Economic Growth: Measures the change in the Gross Domestic Product of a
nation over time. Growth is said to occur if there is an increase in GDP for
two consecutive quarters.
Ethics: The moral values and judgments that society believes organizations
should consider in their decision-making.
Exchange rate: The value of country's currency in terms of another currency.
External shocks, aka exogenous shocks: Unforeseeable and unexpected
changes in the external business environment that tend to affect all businesses
in the economy, such as natural disasters or wars.
 Fiscal Policy: Government policies that deal with taxation and government
expenditure in order to affect the level of economic activity.
 Gross Domestic Product: The total value of a nation's annual output. It is used
as an indicator of the level of economic activity in a country.
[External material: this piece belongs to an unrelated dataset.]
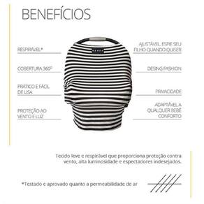 Capa Multifuncional Stripes Felix - PenkaA Capa multifuncional Penka Cover foi desenvolvida para ser utilizada como um acessório versátil que facilita o dia-a-dia dos pais e a proteção do seu bebê. Moderna, funcional e fácil de usar pode ser utilizada desde o nascimento até aproximadamente os 3 anos de idade: Pode ser utilizada como capa interna ou externa para o bebê conforto, carrinho de bebê, moisés e utilitários. Também como capa de amamentação com 4 aplicações distintas, protetor para o carrinho de supermercado, cadeirão de alimentação de restaurantes, para cobrir o bebê e até mesmo como uma simples gola ou cachecol para a mãe; protege a criança contra luz solar excessiva, vento, sujeira e até mesmo de espectadores indesejados; oferece cobertura ajustável de até 360 graus tanto quando utilizada no bebê conforto quanto como capa de amamentação, garantindo total privacidade e tranquilidade; feita com matérias prima de excelente qualidade, proporcionando durabilidade, conforto e segurança com a ideal circulação de ar; sua elasticidade permite um ajuste personalizado para qualquer bebê conforto ou utilitário, e proporciona conforto enquanto utilizada como capa de amamentação;Características: Composição: 93% viscose, 7% elastano; Modelo: Felix; Cor: Preto e Branco; Contém: 01 capa; Idade Recomendada: do nascimento até 2 anos; Marca: PenkaPúblico-alvo por gênero: MasculinoTamanho: ÚnicoDimensões do produto: 20 x 20 x 10 cm ; 299 gImagens meramente ilustrativas

 Indirect Tax: A levy placed on the purchase of goods and services, such as sales
taxes and excise duties.
 Inflation: When the general price level in an economy continuously rises. It is
calculated by measuring changes in the cost of a representative basket of goods
and services purchased by the average household over a period of time.
 Interest Rate: A measure of the price of money. It can be expressed in terms of
the amount charged for money that is borrowed or how much is offered on
money that is saved.
 Monetary Policy: Government policies concerned with changing interest rates in
order to control the money supply, and the exchange rate.
 PEST analysis- a framework used to analyze the opportunities and threats of
the political, economic, social, and technological environments on business
activity. It is one of many tools that can be used in the decision-making
process.
 Protectionism- refers to any measure taken by a government to safeguard its
businesses from foreign competitors. This presents a threat or barrier to
trade for businesses trying to operate in overseas markets.
 Tariffs- a method of protectionism whereby the domestic government taxes
foreign imports, thereby giving domestic producers a relative price
advantage.
 Trade cycle, aka business cycle- the fluctuation in the level of economic
activity over time. Economies tend to move through the cycle of booms,
recessions, slumps, recovery and growth.
 Unemployment- the number of people in the workforce who are willing and
able to work but cannot find employment.